One issue is the relationship with students. Some see Udemy as a “walled garden” where it can be difficult for teachers to carry on a connection with students outside those walls. Udemy owns the contact information on students enrolled in their classes. Sandi Lin, founder of Skilljar (an online course builder and host) says what she’s hearing from her customers is that Udemy has “become much more strict about the ability of instructors to link off to their website or promote any of their other products.”
Inherent in the marketplace model, she says, is a natural limit that most sellers can reach. “It’s a little bit like Ebay,” she explains. “It’s a way to get started and to experiment,” which leads to more buyers and sellers and the market becoming successful. “But for one particular instructor--especially people with great content --it’s becoming much harder to stand out from the noise.”
Whither the Marketplace?
Meanwhile, alternatives to Udemy are springing up that, instead of working on a marketplace model, offer white label and hosted solutions. Companies like SchoolKeep, Fedora and Skilljar aim to make it easy for individuals to build and operate courses at their own web domain. Even Wistia, which was originally only a video hosting tool, is finding that its customers are using it to hack together courses on their websites.
Think of the shift as similar to the difference between a home-based retailer selling through eBay versus one using an e-commerce software provider like Shopify to integrate search, checkout and payment tools into his own website. In the realm of online education, the latter model is becoming easier.

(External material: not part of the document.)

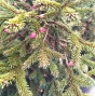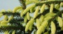 Хвоя короткая, темно-зеленая, блестящая. Весной молодые приросты имеют золотисто-желтую окраску, летом они становятся зелеными. Иголки короткие, жесткие.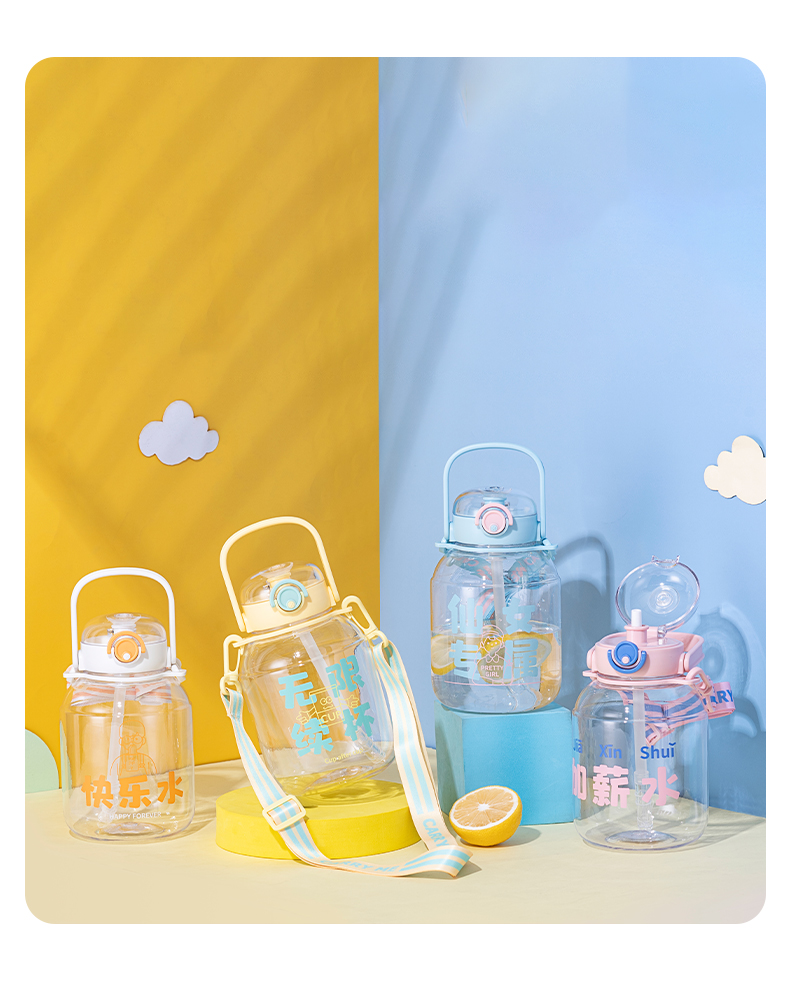 1300ML迷你吨吨塑料杯大容量弹跳盖吸管水杯(彩盒)

Some of the newest customers at these services have been big sellers on Udemy. Fedora’s founder Ankur Nagpal says his eight-month old company hosts 8 of the top 20 instructors on Udemy, “and we’re working on the other 12.”

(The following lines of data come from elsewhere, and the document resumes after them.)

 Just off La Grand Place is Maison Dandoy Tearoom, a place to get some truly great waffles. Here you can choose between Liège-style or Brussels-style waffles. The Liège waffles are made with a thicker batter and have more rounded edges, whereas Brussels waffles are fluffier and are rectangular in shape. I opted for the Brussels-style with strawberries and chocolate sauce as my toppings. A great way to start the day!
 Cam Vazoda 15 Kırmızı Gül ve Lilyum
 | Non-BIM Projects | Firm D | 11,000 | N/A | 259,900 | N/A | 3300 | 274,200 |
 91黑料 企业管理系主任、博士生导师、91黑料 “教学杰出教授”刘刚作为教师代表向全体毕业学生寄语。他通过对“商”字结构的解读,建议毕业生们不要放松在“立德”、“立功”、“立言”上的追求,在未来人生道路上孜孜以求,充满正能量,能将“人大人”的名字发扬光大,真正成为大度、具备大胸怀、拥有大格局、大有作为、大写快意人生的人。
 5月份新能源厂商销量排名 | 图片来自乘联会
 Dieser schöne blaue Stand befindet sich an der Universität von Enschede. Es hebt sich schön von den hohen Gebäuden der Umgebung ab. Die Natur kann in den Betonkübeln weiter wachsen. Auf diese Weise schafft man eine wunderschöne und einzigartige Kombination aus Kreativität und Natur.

Lin, along with SchoolKeep founder Steve Cornwell, see a trend toward teachers wanting to control pricing, marketing and student engagements. Nagpal is even more emphatic. “Education and ecommerce are converging. From the instructor’s perspective, you’re still in an ecommerce business. We want to empower to build not just great quizzes and great lectures, but also tools to build out a sales funnel for the product.”
But instead of giving up entirely on the marketplace model, these alternative solution providers advise using it in a limited way. Cornwell says, “I don’t think there’s a point where it makes sense to be completely exclusive one way or another. There is a point where you need to sit back and look at the overall distribution. The more niche of an audience you have, for example if you teach Cisco certification courses, that is where we see the diminishing value of the marketplace model and the increasing value in your own branded school.”
Likewise, Lin says she encourages people to experiment with Udemy along with their own website but to think about how to keep building relationships through channels you control.
“What is the strategy around building a following?” she says. “We have one instructor who is a self-published author and he has an online course that goes along with his book. He’s out promoting that book and giving workshops. He’s not out promoting his course specifically. He’s out promoting himself, and people are buying the course, because they like what they’re seeing otherwise.”